La noche que conocí a Patricio fue una conmoción, cada frase la terminaba comunicando el número de letras involucrado (111). Parecía una niña cantora de la lotería nacional (40). Patricio era un hombre completo, quizá el último renacentista tardío y lejos de considerarme un fenómeno levanta rating de talk-show, valoró esta inútil habilidad mía (142) hasta el punto de empezar a enamorarse por eso y no por la eficacia de mi sonrisa, según me confesó luego (85).
Me acordaba de esto mientras esperaba en el lounge de British Airways el vuelo que me traería, al fin, a casa (89).
Abro el bolso, un Kelly de Hermes, colorado, tan viajado que parece la montura de Lucky Luke luego de cruzar el desierto persiguiendo a los Dalton. No concibo un Kelly impecable, si alguna vez pierdo éste, al próximo lo meteré en el lavarropas con mi colección de canto rodados una tarde entera. Me fui por las ramas, perdón (268). Decía, abro el bolso, uno al lado del otro dos La Elegancia del Erizo de Muriel Barbery; mejor dicho un L'Élégance du hérisson (Gallimard) y un La Elegancia del Erizo (Seix Barral). No leo suficiente francés y es imposible disfrutar la versión española llena de me dio la tabarra; es un abogado muy pijo y frasecitas por el estilo en boca de los habitantes de un edificio muy chic, en el número 7 de la calle Grenelle. Cuando las novelas las traducía Victoria (Ocampo) eran una cosa, pero cuando caen en manos de Isabel González-Gallarza, les aseguro, es muy otra (462). Isabel, muy defensora de lo suyo, puede transformar en un quítame esas pajas, Las Fleurs du Mal de Baudelaire en Rinconete y Cortadillo de Cervantes (124). Así, primero leo una hoja en francés y luego la versión españolita de la Gallarza. Lleva su tiempo pero no hay otro modo, a menos que alguien resucite a la redacción de Sur (72).

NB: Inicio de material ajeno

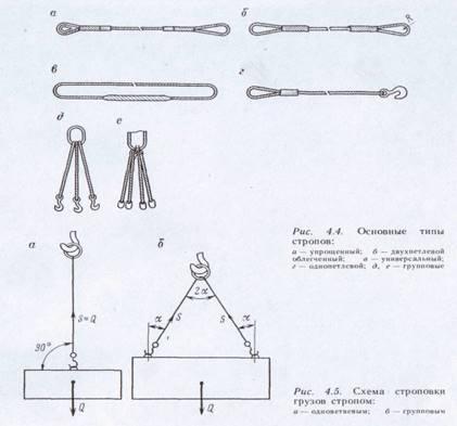 Для крепления груза, к крюку подъемного механизма применяют стропы. Основные конструкции стропов приведены на рис. 4.4. Диаметр каната строп определяется по условиям обеспечения прочности каната. Разрывное усилие каната Р должно превышать расчетное усилие в нем с учетом коэффициента запаса прочности К, устанавливаемого нормативными документами: P≥SK, где S — усилие (Н), зависящее от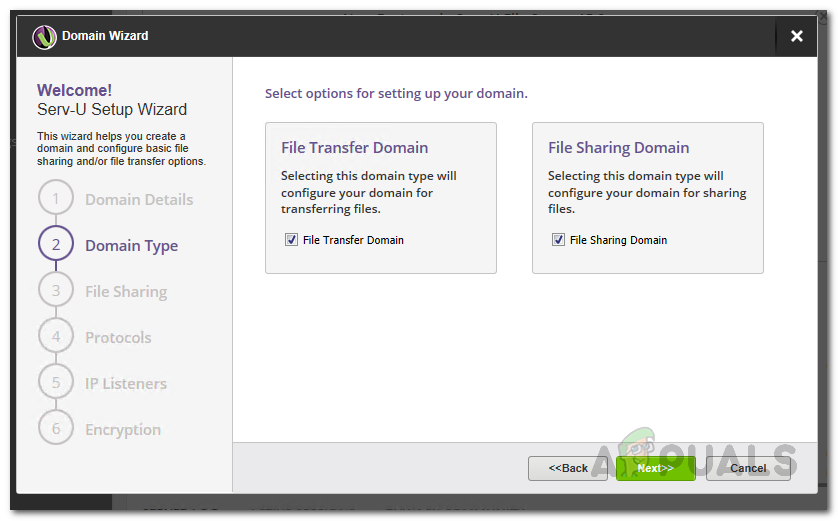 Providing Domain Details - On the Domain Type screen, choose what you want the domain to be used for i.e. file transfer or file sharing. Click Next.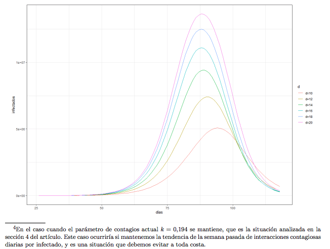 Section 4 uses real data in the simplified SIR model to predict how the COVID-19 will evolve in Chile if we continue at the same rate as before. At this rate, the prediction is a first peak of the disease between late May and early June. The number of cases would get out of control much earlier. In addition, it is explained why models such as SIR have exponential growth in initial stages.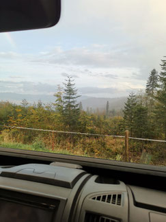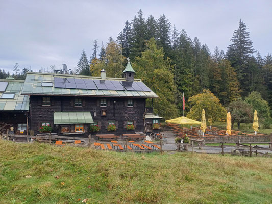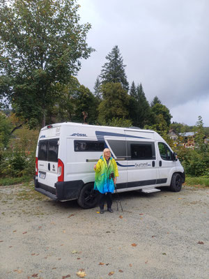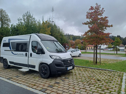 Nachdem wir gestern in den Steinklamm bei Spiegelau unterwegs waren, soll es heute über den Urwaldsteig und Hochberg zum Schwellhäusl gehen. Wir haben auf dem Stellplatz in Ludwigsthal übernachtet und es hat die ganze Nacht geregnet. Wir stehen erst um 9 Uhr auf und sehen nichts :-). Denn als aufhört zu regnen, kommt der Nebel. Wir putzen den Bus und nach dem Frühstück geht es nach Bayerisch Eisenstein. Das Brummen am CamperVan, das wir bereits seit einigen Wochen hören und wegen dem wir auch schon in der Werkstatt waren, wird immer lauter. Nach der Tour schauen wir auf jeden Fall nochmal in die Werkstatt. Gegen 12 Uhr erreichen wir den Startpunkt der Tour am Wanderpark-Platz in Bayerisch Eisenstein (Navi: Anton-Pech-Weg 13, 94252 Bayerisch Eisenstein).

Transcribo un párrafo de la página 57, en español, por ventura libre de golfas y chorradas (75) “no hay nada más difícil e injusto que la realidad humana: los hombres viven en un mundo donde lo que tiene poder son las palabras y no los actos, donde la competencia esencial es el dominio del lenguaje. Eso es terrible, porque en el fondo, somos primates programados para comer, dormir, reproducirnos, conquistar y asegurar nuestro territorio, y aquellos más hábiles para todas esas tareas, aquellos que entre nosotros son más animales, ésos siempre se dejan engañar por los otros, los que tienen buen discurso pero serían incapaces de defender su huerto, de traer un conejo para la cena y de procrear como es debido. Es un terrible agravio a nuestra naturaleza animal, una suerte de perversión, de contradicción profunda” (596).

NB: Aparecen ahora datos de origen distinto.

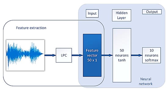 At the first stage, LPC coefficients are extracted from the signals using the LPC algorithm described in Section 2.1. These coefficients are features that are then fed to the input of the neural network. To increase the sample size of the training dataset, the signal is divided into short overlapping time frames (see Section 3.1). The set of 50 LPC coefficients calculated for each frame provides the training dataset for the classifying NN.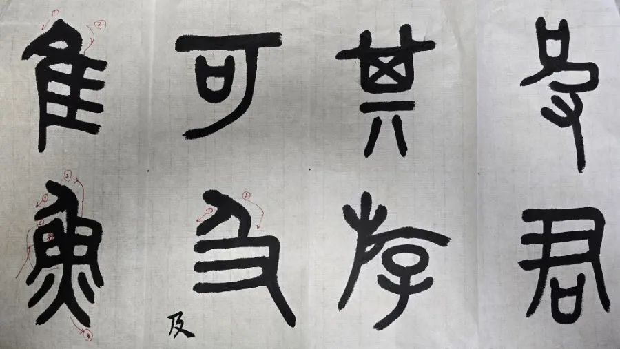 이렇게 긴 사설을 늘어놓는 이유는 요즘 서예의 전서 쓰기도 이어지고 있기 때문이다. 선생님의 체본을 따라 쓰다가 문득 아버님 생각이 났다. 선생님의 마음이 아버님의 마음과 닮아있다. 자형을 알고 획순에 맞게 써야 한다고 알려주신 아버님처럼 선생님도 획순과 중봉을 지켜 쓰는 법을 요령 있게 알려주신다.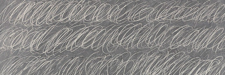 "The brilliance of the artist's gestural genius is on full display as the written form dissolves into a nuanced grey background."

Levanto la vista apenas, una inglesa, acento Mayfair, habla por su Blackberry, entre susurros distingo las palabras Amy Winehouse y hashtag. Amy es una roquera que murió de sobredosis, es lo único que sé, en el rock inglés yo me quedé en U2 (para colmo son irlandeses…). Hashtag son esas etiquetas que permiten seguir ciertos temas en Twitter, me explicó Bubu, mi hija (306).
Guardo al erizo, sacó el IPad. Me picó la curiosidad (43).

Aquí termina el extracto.